Return the records below in full. Keep every word exact and skip the images.

*** Opening of Input data ***

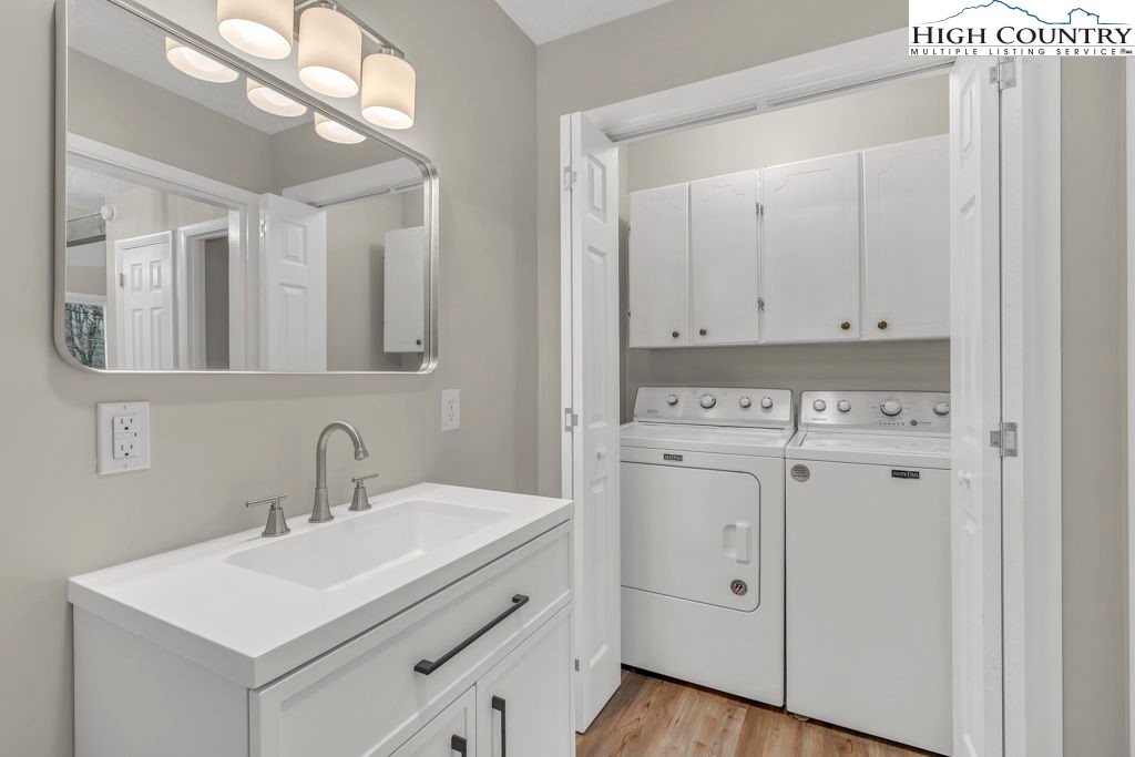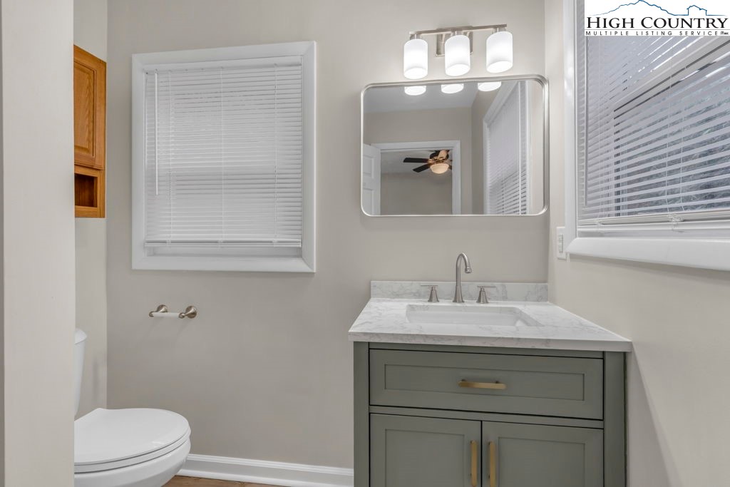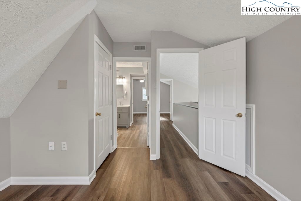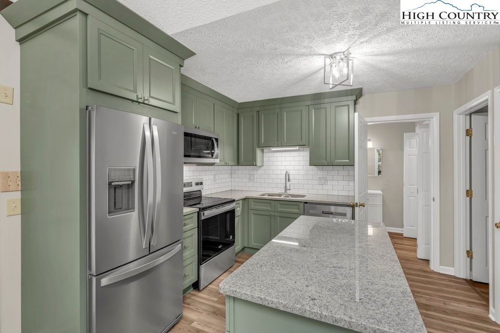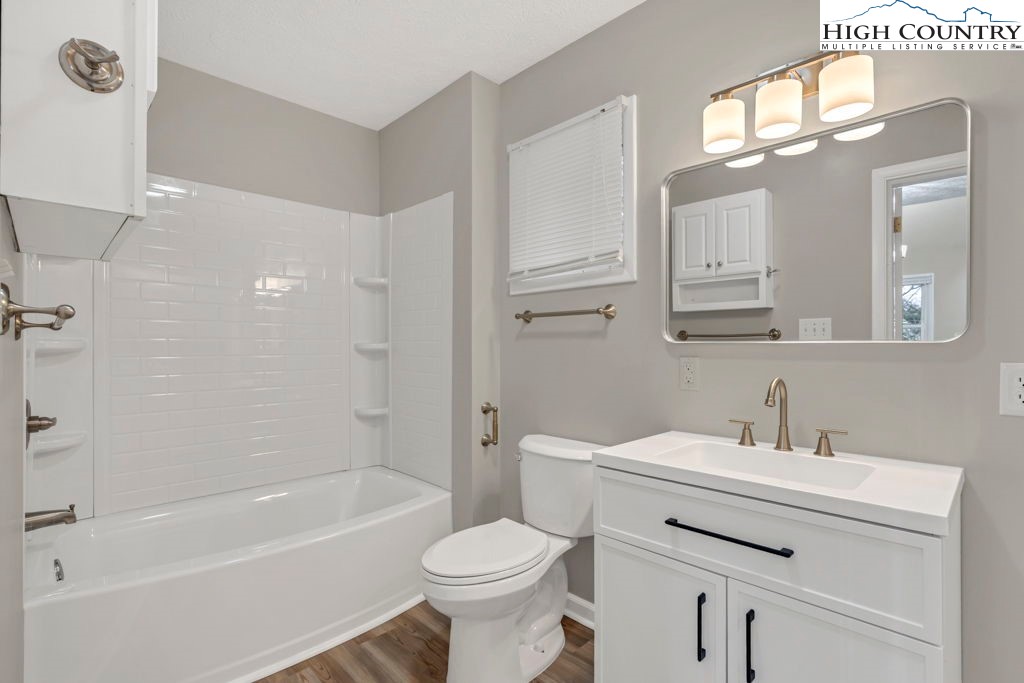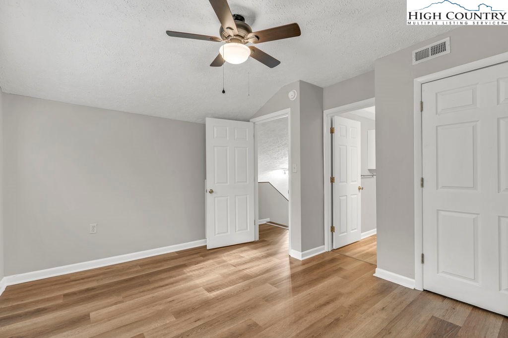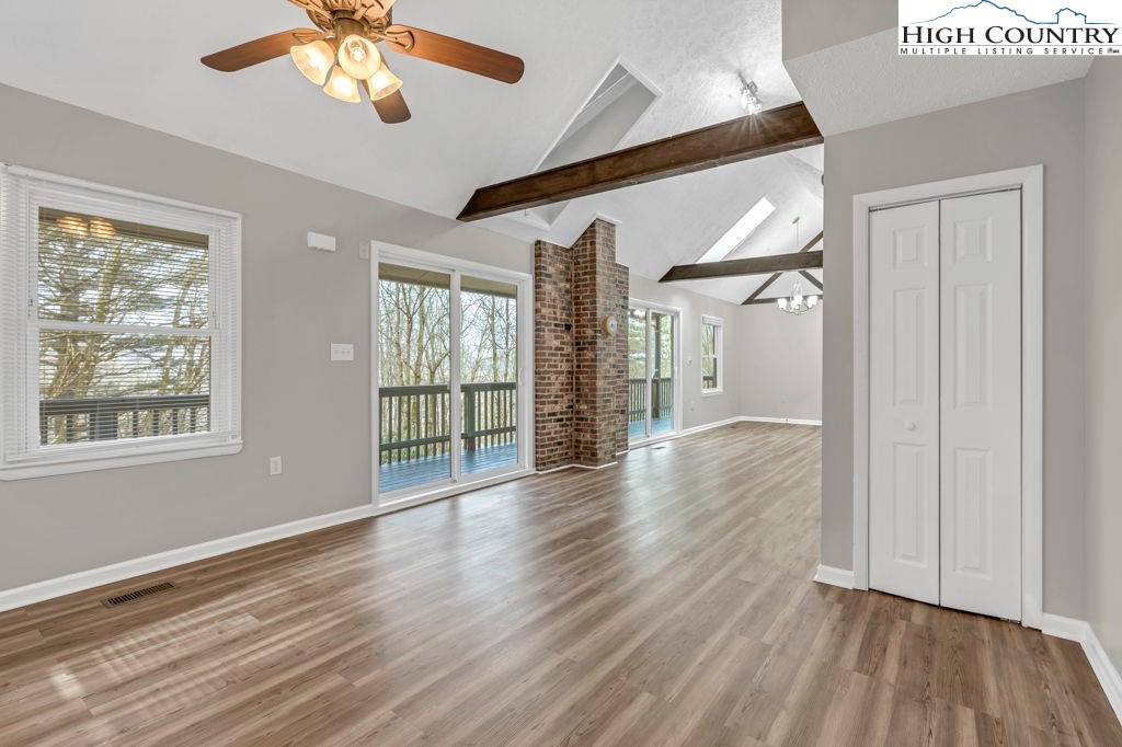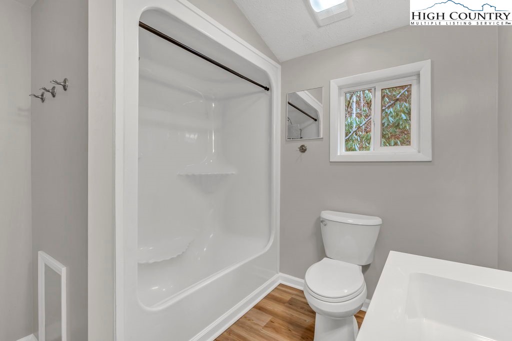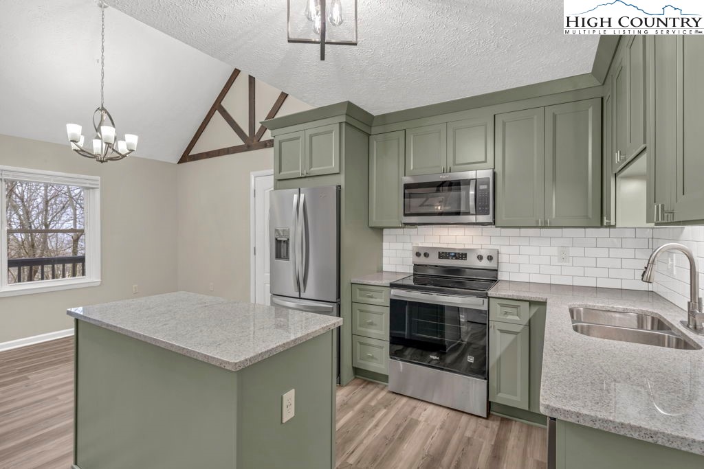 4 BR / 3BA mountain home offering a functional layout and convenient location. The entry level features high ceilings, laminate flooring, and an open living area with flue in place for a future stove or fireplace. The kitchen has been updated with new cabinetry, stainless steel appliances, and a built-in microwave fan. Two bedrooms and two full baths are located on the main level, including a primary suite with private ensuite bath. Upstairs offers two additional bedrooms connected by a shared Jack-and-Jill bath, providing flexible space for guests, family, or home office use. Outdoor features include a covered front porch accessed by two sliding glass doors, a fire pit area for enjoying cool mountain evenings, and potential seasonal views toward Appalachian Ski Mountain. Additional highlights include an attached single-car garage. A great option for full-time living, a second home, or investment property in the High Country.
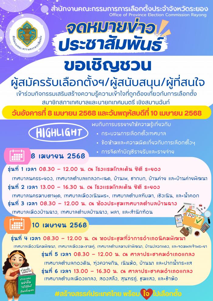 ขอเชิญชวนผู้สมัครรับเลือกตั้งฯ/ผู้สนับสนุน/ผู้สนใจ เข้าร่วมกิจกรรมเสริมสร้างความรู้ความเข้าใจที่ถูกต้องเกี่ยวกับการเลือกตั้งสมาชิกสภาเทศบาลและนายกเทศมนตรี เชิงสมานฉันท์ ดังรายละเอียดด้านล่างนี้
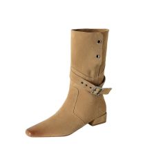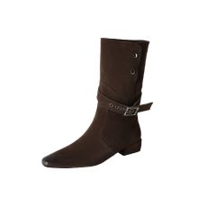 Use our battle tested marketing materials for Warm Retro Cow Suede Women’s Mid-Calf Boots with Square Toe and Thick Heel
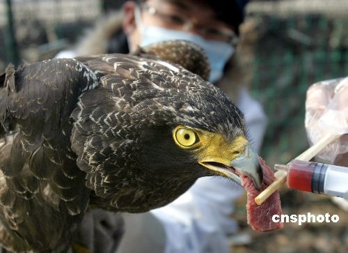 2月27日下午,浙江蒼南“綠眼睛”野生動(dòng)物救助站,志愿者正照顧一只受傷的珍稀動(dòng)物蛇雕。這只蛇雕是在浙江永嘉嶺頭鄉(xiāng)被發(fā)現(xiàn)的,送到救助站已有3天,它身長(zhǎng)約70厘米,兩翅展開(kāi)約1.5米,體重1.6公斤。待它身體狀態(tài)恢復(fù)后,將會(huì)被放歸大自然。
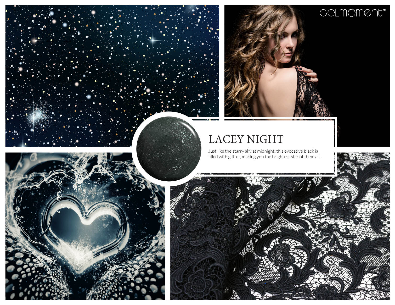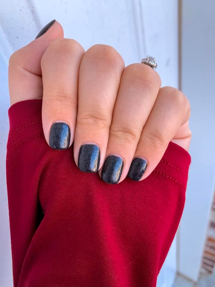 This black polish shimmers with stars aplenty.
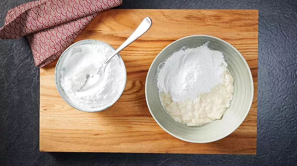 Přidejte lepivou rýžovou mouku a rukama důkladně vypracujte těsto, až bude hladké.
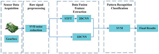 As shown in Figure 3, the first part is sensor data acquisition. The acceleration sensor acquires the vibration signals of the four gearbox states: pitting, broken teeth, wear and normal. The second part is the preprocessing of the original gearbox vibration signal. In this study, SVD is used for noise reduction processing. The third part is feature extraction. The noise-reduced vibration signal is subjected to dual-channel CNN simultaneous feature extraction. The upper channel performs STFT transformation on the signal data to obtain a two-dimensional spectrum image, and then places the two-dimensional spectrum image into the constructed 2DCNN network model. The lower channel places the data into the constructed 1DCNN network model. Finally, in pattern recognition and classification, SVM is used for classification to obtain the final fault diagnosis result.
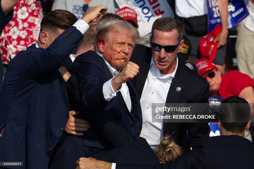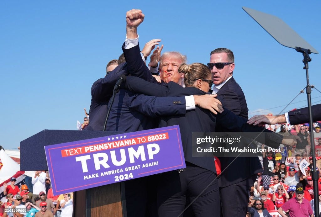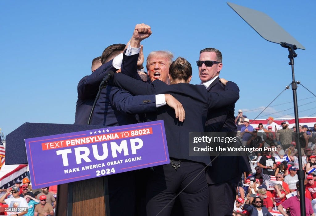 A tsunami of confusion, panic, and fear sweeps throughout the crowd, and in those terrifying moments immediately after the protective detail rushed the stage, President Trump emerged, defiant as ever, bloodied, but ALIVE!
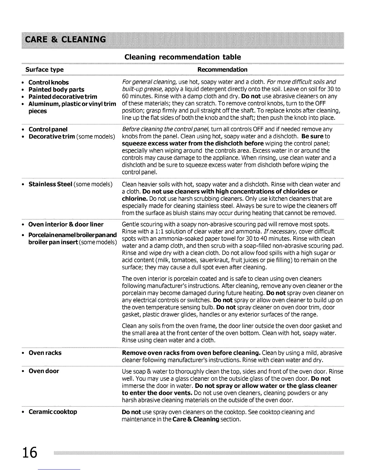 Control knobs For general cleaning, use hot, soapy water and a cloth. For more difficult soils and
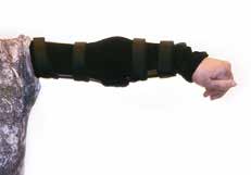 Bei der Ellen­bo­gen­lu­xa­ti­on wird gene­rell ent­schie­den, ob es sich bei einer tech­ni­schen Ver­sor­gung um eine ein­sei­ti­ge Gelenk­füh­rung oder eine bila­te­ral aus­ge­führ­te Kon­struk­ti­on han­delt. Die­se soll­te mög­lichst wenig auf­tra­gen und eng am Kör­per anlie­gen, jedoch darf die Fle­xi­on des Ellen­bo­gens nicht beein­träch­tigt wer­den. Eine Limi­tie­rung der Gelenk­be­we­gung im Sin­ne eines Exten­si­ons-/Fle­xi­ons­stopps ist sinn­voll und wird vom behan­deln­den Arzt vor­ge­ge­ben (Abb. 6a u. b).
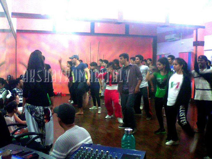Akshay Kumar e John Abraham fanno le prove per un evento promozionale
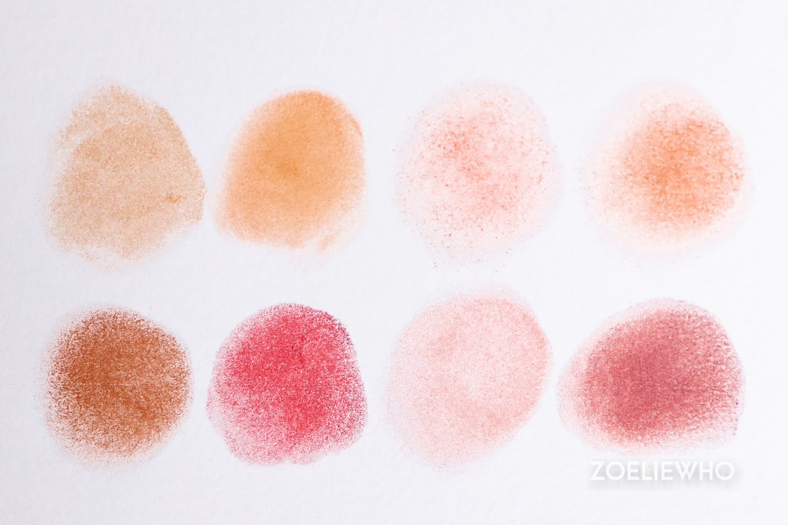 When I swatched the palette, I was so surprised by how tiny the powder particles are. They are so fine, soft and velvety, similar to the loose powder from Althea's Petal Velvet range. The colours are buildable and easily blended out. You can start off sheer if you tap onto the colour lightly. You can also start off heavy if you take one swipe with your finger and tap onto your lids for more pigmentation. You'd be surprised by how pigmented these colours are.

*** Close of Input data ***

## Output of the exercise
 4 BR / 3BA mountain home offering a functional layout and convenient location. The entry level features high ceilings, laminate flooring, and an open living area with flue in place for a future stove or fireplace. The kitchen has been updated with new cabinetry, stainless steel appliances, and a built-in microwave fan. Two bedrooms and two full baths are located on the main level, including a primary suite with private ensuite bath. Upstairs offers two additional bedrooms connected by a shared Jack-and-Jill bath, providing flexible space for guests, family, or home office use. Outdoor features include a covered front porch accessed by two sliding glass doors, a fire pit area for enjoying cool mountain evenings, and potential seasonal views toward Appalachian Ski Mountain. Additional highlights include an attached single-car garage. A great option for full-time living, a second home, or investment property in the High Country.
 ขอเชิญชวนผู้สมัครรับเลือกตั้งฯ/ผู้สนับสนุน/ผู้สนใจ เข้าร่วมกิจกรรมเสริมสร้างความรู้ความเข้าใจที่ถูกต้องเกี่ยวกับการเลือกตั้งสมาชิกสภาเทศบาลและนายกเทศมนตรี เชิงสมานฉันท์ ดังรายละเอียดด้านล่างนี้
 Use our battle tested marketing materials for Warm Retro Cow Suede Women’s Mid-Calf Boots with Square Toe and Thick Heel
 2月27日下午,浙江蒼南“綠眼睛”野生動(dòng)物救助站,志愿者正照顧一只受傷的珍稀動(dòng)物蛇雕。這只蛇雕是在浙江永嘉嶺頭鄉(xiāng)被發(fā)現(xiàn)的,送到救助站已有3天,它身長(zhǎng)約70厘米,兩翅展開(kāi)約1.5米,體重1.6公斤。待它身體狀態(tài)恢復(fù)后,將會(huì)被放歸大自然。
 This black polish shimmers with stars aplenty.
 Přidejte lepivou rýžovou mouku a rukama důkladně vypracujte těsto, až bude hladké.
 As shown in Figure 3, the first part is sensor data acquisition. The acceleration sensor acquires the vibration signals of the four gearbox states: pitting, broken teeth, wear and normal. The second part is the preprocessing of the original gearbox vibration signal. In this study, SVD is used for noise reduction processing. The third part is feature extraction. The noise-reduced vibration signal is subjected to dual-channel CNN simultaneous feature extraction. The upper channel performs STFT transformation on the signal data to obtain a two-dimensional spectrum image, and then places the two-dimensional spectrum image into the constructed 2DCNN network model. The lower channel places the data into the constructed 1DCNN network model. Finally, in pattern recognition and classification, SVM is used for classification to obtain the final fault diagnosis result.
 A tsunami of confusion, panic, and fear sweeps throughout the crowd, and in those terrifying moments immediately after the protective detail rushed the stage, President Trump emerged, defiant as ever, bloodied, but ALIVE!
 Control knobs For general cleaning, use hot, soapy water and a cloth. For more difficult soils and
 Bei der Ellen­bo­gen­lu­xa­ti­on wird gene­rell ent­schie­den, ob es sich bei einer tech­ni­schen Ver­sor­gung um eine ein­sei­ti­ge Gelenk­füh­rung oder eine bila­te­ral aus­ge­führ­te Kon­struk­ti­on han­delt. Die­se soll­te mög­lichst wenig auf­tra­gen und eng am Kör­per anlie­gen, jedoch darf die Fle­xi­on des Ellen­bo­gens nicht beein­träch­tigt wer­den. Eine Limi­tie­rung der Gelenk­be­we­gung im Sin­ne eines Exten­si­ons-/Fle­xi­ons­stopps ist sinn­voll und wird vom behan­deln­den Arzt vor­ge­ge­ben (Abb. 6a u. b).
Akshay Kumar e John Abraham fanno le prove per un evento promozionale
 When I swatched the palette, I was so surprised by how tiny the powder particles are. They are so fine, soft and velvety, similar to the loose powder from Althea's Petal Velvet range. The colours are buildable and easily blended out. You can start off sheer if you tap onto the colour lightly. You can also start off heavy if you take one swipe with your finger and tap onto your lids for more pigmentation. You'd be surprised by how pigmented these colours are.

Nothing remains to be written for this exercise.